> _What is expected_: Retype, word for word, the lines from the first line of the entries through the line that holds "迅速な発送など、印象が良けれ"; leave out the pictures.

> _Dataset records_:
========================

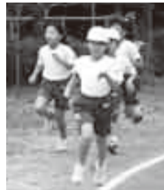
▲駅伝大会に向け一生懸命練習する児童

私たちがこうしてがんばれるのは、一緒に練習している仲間や先生方がいること、そして、下学年に心から応援してもらったり、家族や地域の方々にも励ましてもらったりしているからだと思います。人の温かさがあふれるこの南地区に住んでいる私たちは、とても幸せ者だと思います。
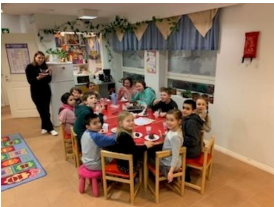
Iltapäiväkerho Kuopiossa.
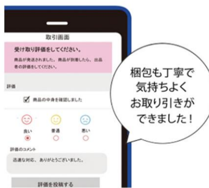
迅速な発送など、印象が良ければ、評価にその旨、お礼と一緒にコメントすると、他の人がその出品者から品物を購入する際の参考になります

●購入したら：「購入しました。どうぞよろしくお願います」などと、取引画面内のメッセージ欄に、ひとこと、メッセージをすることで、顔が見えないやりとりでも、相手に丁寧さと安心感が伝わります。 ●品物が届いたら：中身をチェックし、相手を評価します。中身が問題なければ良い評価をつける場合が多いです。コメント欄にひとこと、お礼を伝えることも、おすすめします。
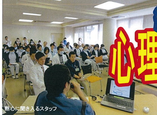
熱心に聞き入るスタッフ
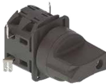
Flachstecker Blade terminals
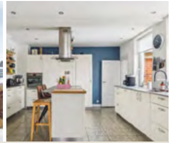
Charmerende rødstensvilla centralt i Gråsten
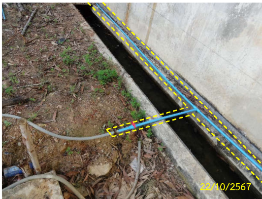
ภาพที่ 8 ท่อประปาภายในพื้นที่โครงการ
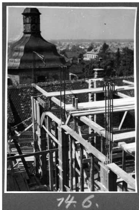
Slika 1: Čadež, VI. Rekonstrukcija Univerzitetne biblioteke po požaru junija 1944 (NUK, Kartografska in slikovna zbirka, sig. Gr III - 209).

vodstvom Melite Pivec - Stele so sestavile začasne kartotečne listke, sestavile so začasno kartoteko ter prenesle knjige iz 1. nadstropja v skladišče v 2. nadstropju. Tako je bilo rešenih 2211 samostojnih knjig, 808 periodik in kontinuand (to je serij in knjižničnih zbirk) s 3787 zvezki, skupaj 5998 zvezkov ter šolska poročila 91 šol (1140 zvezkov). Očistile so tudi okrog 300 knjig, rešenih iz germanističnega, klasičnega in lingvističnega seminarja. Da so delo opravljale v nezakurjenih prostorih, verjetno ni potrebno posebej omenjati. Šele iz tega poročila izvemo, da so bile dragocenosti, ki jih je knjižnica hranila v rokopisni zbirki v četrtem nadstropju, šele po požaru premeščene v kletno zaklonišče. V naslednjih mesecih so bili urejeni ostanki čitalniške (21.000 listov) in strokovne kartoteke (9500 listov), deloma so bile rekonstruirane kartoteke izposojenih knjig po listih v skladiščih in kartoteke priročnih knjižnic (po listih v skladiščih in po spominu). Začeli so z rekonstrukcijo čitalniške kartoteke in starega inventarnega kataloga (prepisane so bile številke od 40.000 do 42.000, ki so bile večinoma še čitljive, ostale signature od 1 do 40.000 pa so rekonstruirali po matični kartoteki) ter z rekonstrukcijo strokovne kartoteke. Da bi lahko nadomestili uničeno knjižnično gradivo, so uredili zbirko dvojnic.
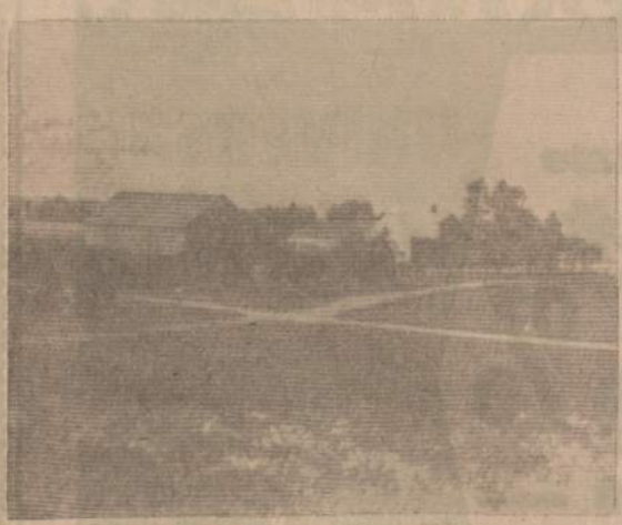
"Siaubingų dienų" autorius yra gimęs ir augęs Mažučių kaime. Taip atrodė Kapacinskų sodybos iki Raudonosios Armijos įsiveržimo, vėliau viskas buvo sunaikinta. Paveikslas trauktas 1939 metais.

Tėviškėje radau visus namiškius, ramiai bedirbančius kasdieninius ūkio darbus. Kažkaip ir mane pagavo šviesesnė nuotaika, matant juos taip rūpestin-
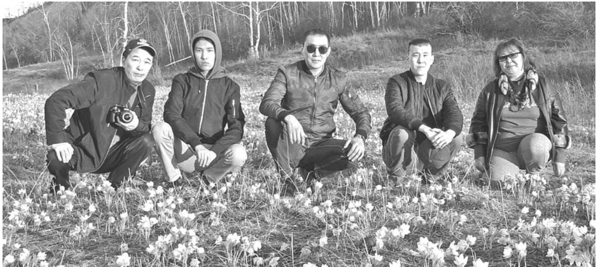
▲ С сыновьями.
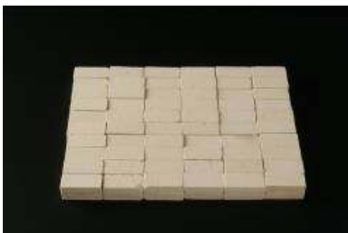
11. Carl André (né en 1935, USA) Minstar VII , 1995 Briques de céramique Musée des beaux-arts de La Chaux-de-Fonds
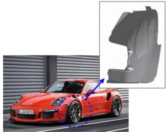
전방 휠 하우스 링 라이너
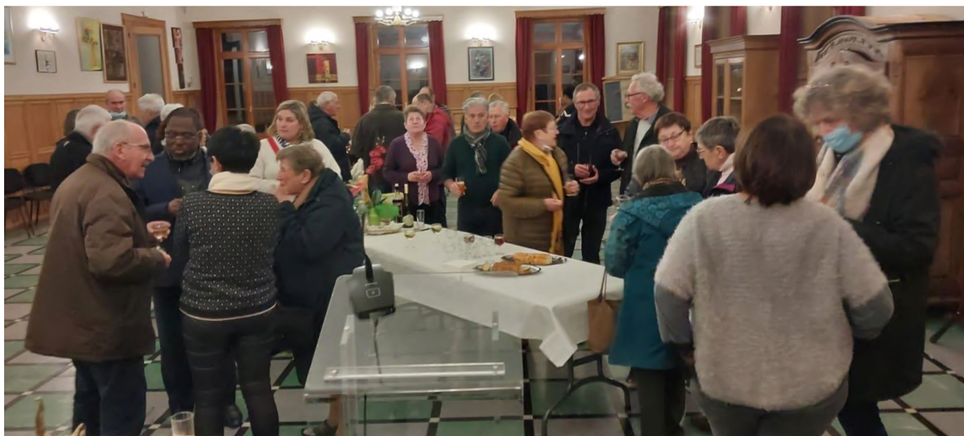
Membres partenaires, élus, amis ....

========================

> _Task result_:
▲駅伝大会に向け一生懸命練習する児童

私たちがこうしてがんばれるのは、一緒に練習している仲間や先生方がいること、そして、下学年に心から応援してもらったり、家族や地域の方々にも励ましてもらったりしているからだと思います。人の温かさがあふれるこの南地区に住んでいる私たちは、とても幸せ者だと思います。
Iltapäiväkerho Kuopiossa.
迅速な発送など、印象が良ければ、評価にその旨、お礼と一緒にコメントすると、他の人がその出品者から品物を購入する際の参考になります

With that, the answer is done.